_DATASET RECORDS:_
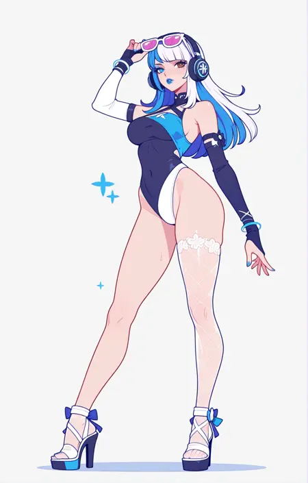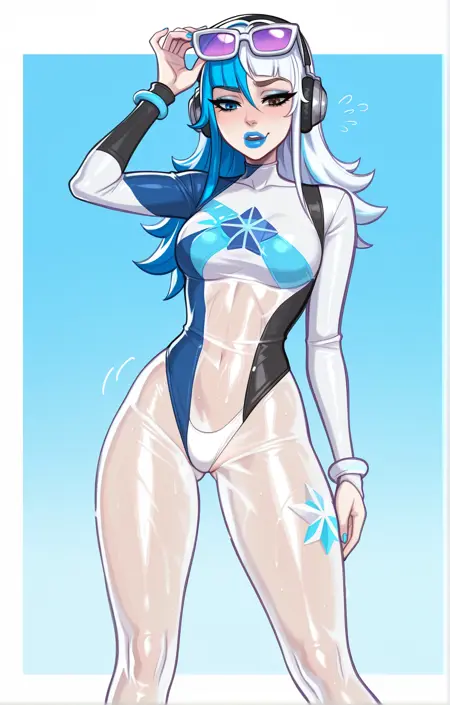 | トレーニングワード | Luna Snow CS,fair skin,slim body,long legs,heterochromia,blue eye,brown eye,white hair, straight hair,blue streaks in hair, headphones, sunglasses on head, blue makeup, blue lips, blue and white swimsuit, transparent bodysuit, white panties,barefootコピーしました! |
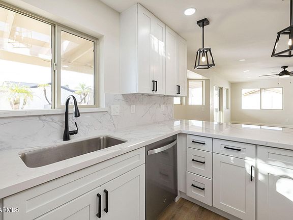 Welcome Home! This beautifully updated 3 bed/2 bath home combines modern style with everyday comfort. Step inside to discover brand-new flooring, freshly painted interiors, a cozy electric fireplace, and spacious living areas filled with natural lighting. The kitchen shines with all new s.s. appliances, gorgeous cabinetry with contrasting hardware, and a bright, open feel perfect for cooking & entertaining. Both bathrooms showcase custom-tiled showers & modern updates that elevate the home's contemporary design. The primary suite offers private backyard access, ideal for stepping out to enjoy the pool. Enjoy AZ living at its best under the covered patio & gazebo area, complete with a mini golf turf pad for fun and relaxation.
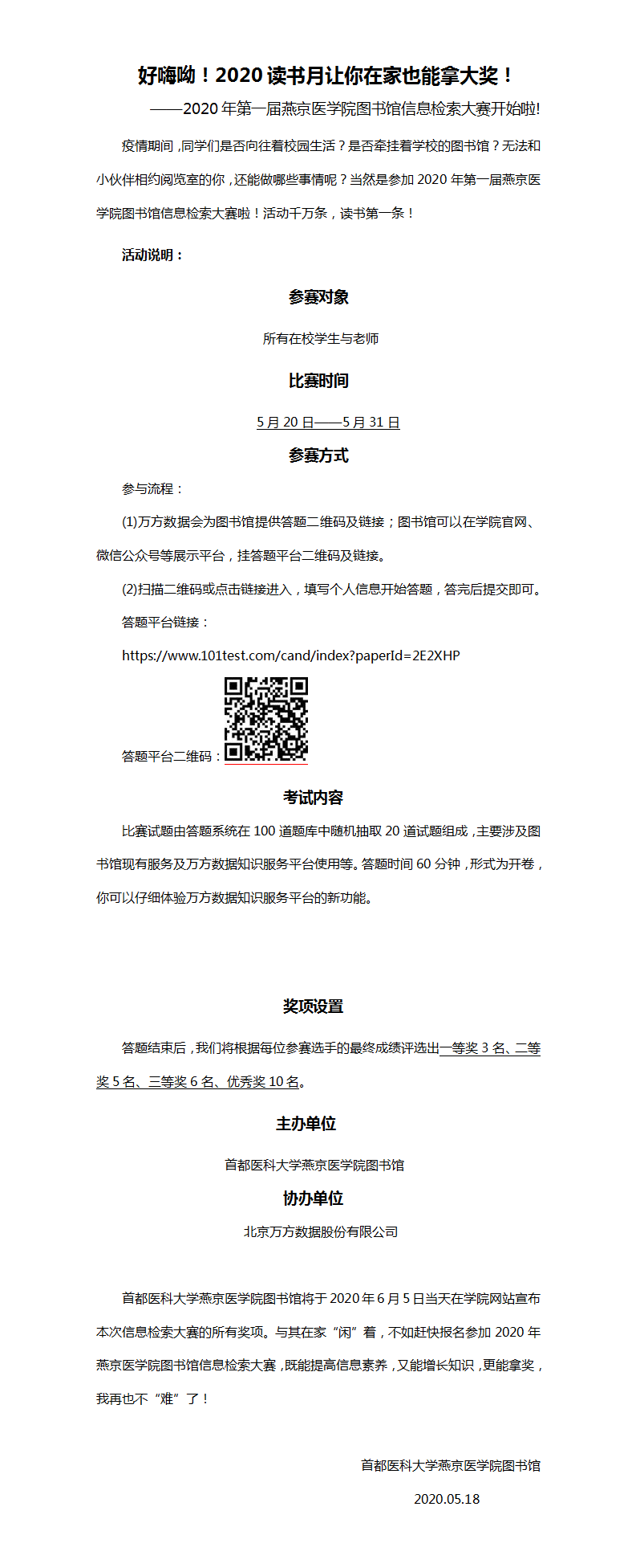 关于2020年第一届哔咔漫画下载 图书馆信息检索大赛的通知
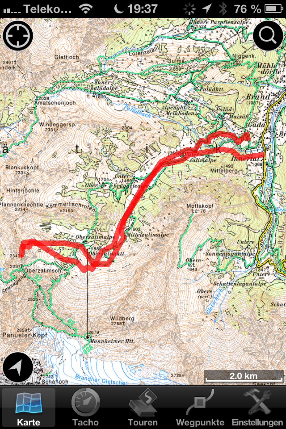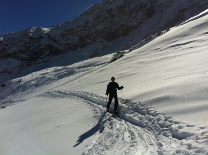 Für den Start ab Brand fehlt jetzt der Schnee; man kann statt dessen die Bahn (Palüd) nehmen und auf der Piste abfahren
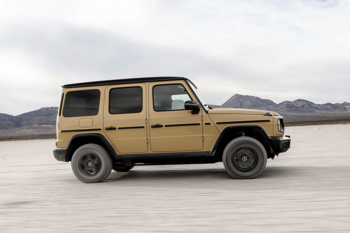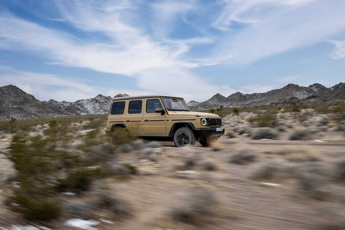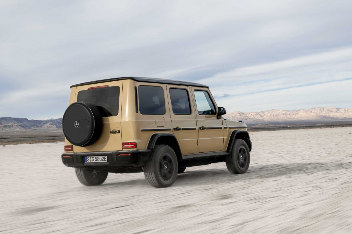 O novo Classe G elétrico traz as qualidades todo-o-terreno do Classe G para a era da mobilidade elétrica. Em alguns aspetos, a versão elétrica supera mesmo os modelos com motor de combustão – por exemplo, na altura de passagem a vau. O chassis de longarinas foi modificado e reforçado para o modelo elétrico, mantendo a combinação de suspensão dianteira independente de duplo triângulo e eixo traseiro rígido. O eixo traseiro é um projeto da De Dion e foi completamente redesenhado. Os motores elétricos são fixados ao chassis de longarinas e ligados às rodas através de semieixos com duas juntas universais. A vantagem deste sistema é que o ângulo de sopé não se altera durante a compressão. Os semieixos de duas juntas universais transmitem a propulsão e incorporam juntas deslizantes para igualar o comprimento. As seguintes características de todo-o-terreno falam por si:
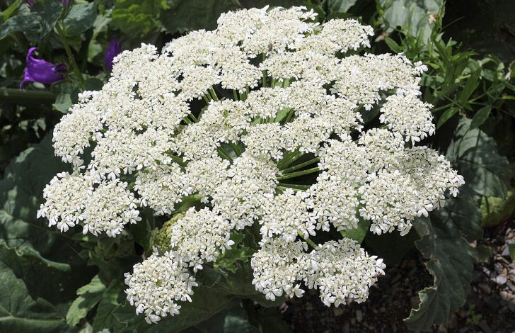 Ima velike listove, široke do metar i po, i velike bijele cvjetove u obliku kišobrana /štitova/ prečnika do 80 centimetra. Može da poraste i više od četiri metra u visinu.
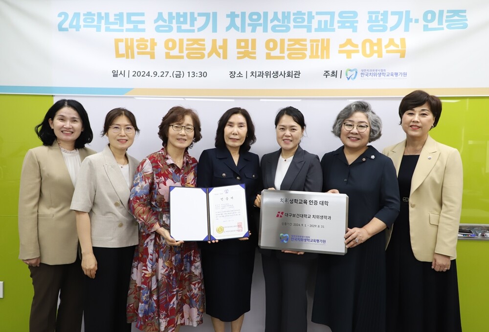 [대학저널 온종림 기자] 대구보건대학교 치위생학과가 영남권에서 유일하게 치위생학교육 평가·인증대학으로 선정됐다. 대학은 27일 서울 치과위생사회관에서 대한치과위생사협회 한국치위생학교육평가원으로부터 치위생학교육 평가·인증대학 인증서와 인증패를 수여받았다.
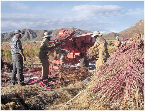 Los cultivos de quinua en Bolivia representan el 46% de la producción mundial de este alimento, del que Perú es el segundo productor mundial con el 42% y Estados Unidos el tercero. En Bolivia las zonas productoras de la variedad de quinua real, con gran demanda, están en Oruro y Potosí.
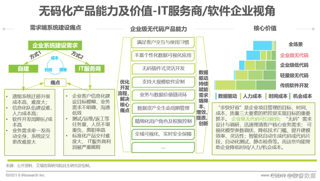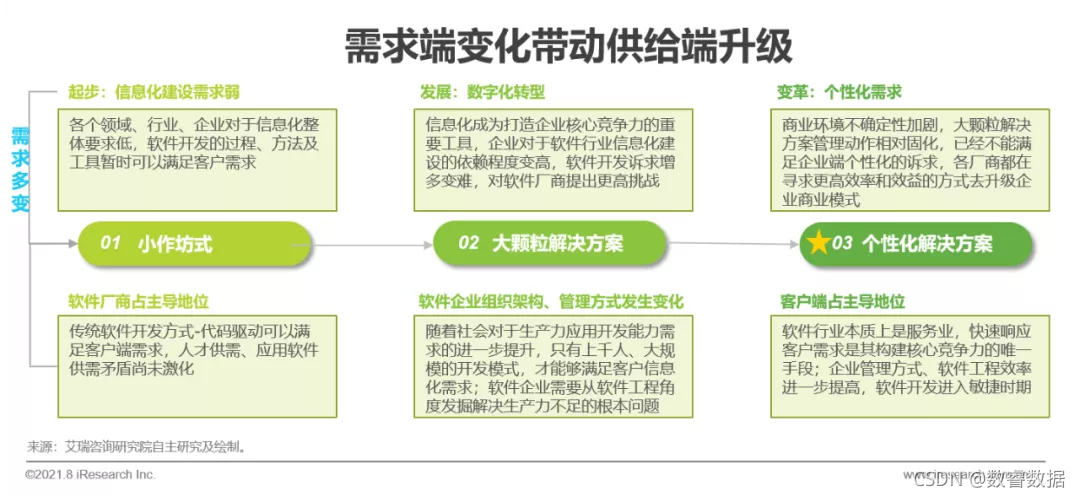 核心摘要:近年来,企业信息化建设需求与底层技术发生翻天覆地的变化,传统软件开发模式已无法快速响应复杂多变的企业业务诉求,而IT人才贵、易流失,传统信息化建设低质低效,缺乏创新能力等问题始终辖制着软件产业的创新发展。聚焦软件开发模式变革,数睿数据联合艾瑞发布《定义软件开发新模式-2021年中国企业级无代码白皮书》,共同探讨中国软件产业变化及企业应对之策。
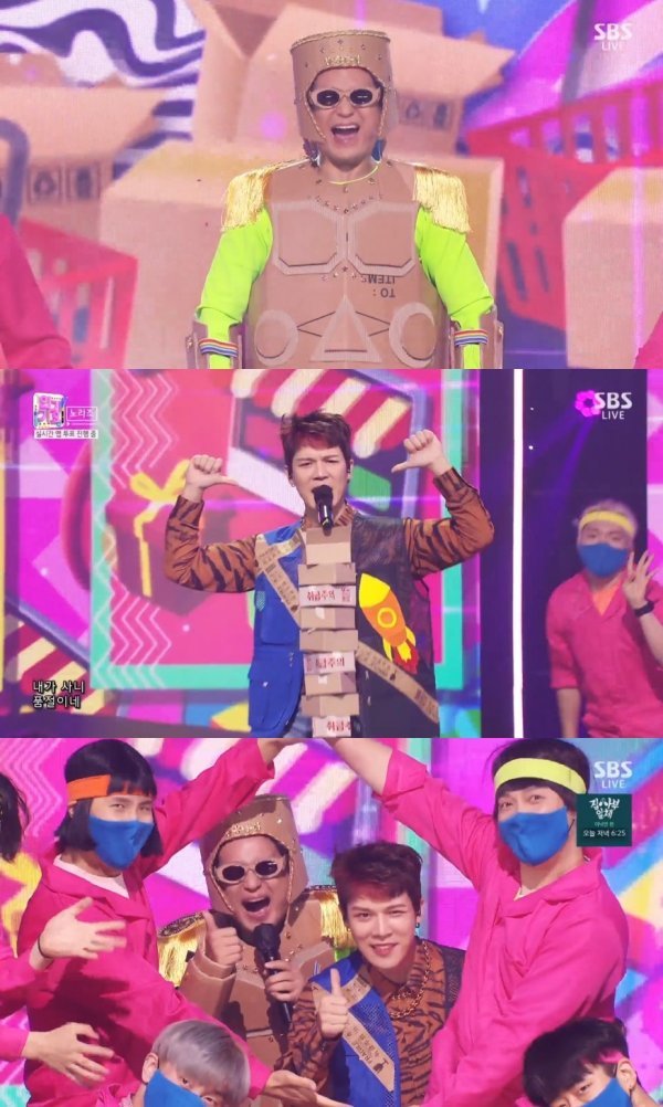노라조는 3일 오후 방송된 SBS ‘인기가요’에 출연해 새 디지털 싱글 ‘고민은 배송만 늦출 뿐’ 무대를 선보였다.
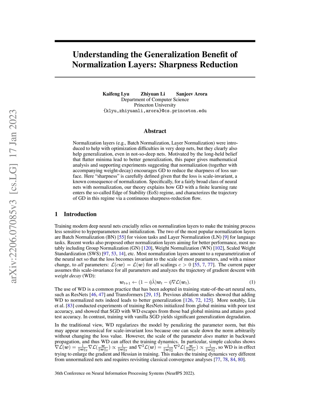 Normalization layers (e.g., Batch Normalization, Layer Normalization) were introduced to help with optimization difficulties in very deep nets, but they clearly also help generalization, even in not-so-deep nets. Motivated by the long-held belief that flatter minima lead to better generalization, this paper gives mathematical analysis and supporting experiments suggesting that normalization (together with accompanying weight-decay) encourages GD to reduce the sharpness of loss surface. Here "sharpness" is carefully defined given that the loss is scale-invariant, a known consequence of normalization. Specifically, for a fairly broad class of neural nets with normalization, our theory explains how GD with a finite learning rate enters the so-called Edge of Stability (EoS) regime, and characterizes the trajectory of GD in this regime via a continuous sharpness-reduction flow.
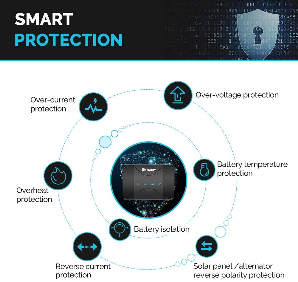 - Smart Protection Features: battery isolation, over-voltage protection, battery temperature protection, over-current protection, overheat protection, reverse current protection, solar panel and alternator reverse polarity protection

_WHAT TO DO:_
Write out nothing but the lines from the start of the data through the line with "Für den Start". Leave out the pictures.

_COMPLETED TASK:_
 | トレーニングワード | Luna Snow CS,fair skin,slim body,long legs,heterochromia,blue eye,brown eye,white hair, straight hair,blue streaks in hair, headphones, sunglasses on head, blue makeup, blue lips, blue and white swimsuit, transparent bodysuit, white panties,barefootコピーしました! |
 Welcome Home! This beautifully updated 3 bed/2 bath home combines modern style with everyday comfort. Step inside to discover brand-new flooring, freshly painted interiors, a cozy electric fireplace, and spacious living areas filled with natural lighting. The kitchen shines with all new s.s. appliances, gorgeous cabinetry with contrasting hardware, and a bright, open feel perfect for cooking & entertaining. Both bathrooms showcase custom-tiled showers & modern updates that elevate the home's contemporary design. The primary suite offers private backyard access, ideal for stepping out to enjoy the pool. Enjoy AZ living at its best under the covered patio & gazebo area, complete with a mini golf turf pad for fun and relaxation.
 关于2020年第一届哔咔漫画下载 图书馆信息检索大赛的通知
 Für den Start ab Brand fehlt jetzt der Schnee; man kann statt dessen die Bahn (Palüd) nehmen und auf der Piste abfahren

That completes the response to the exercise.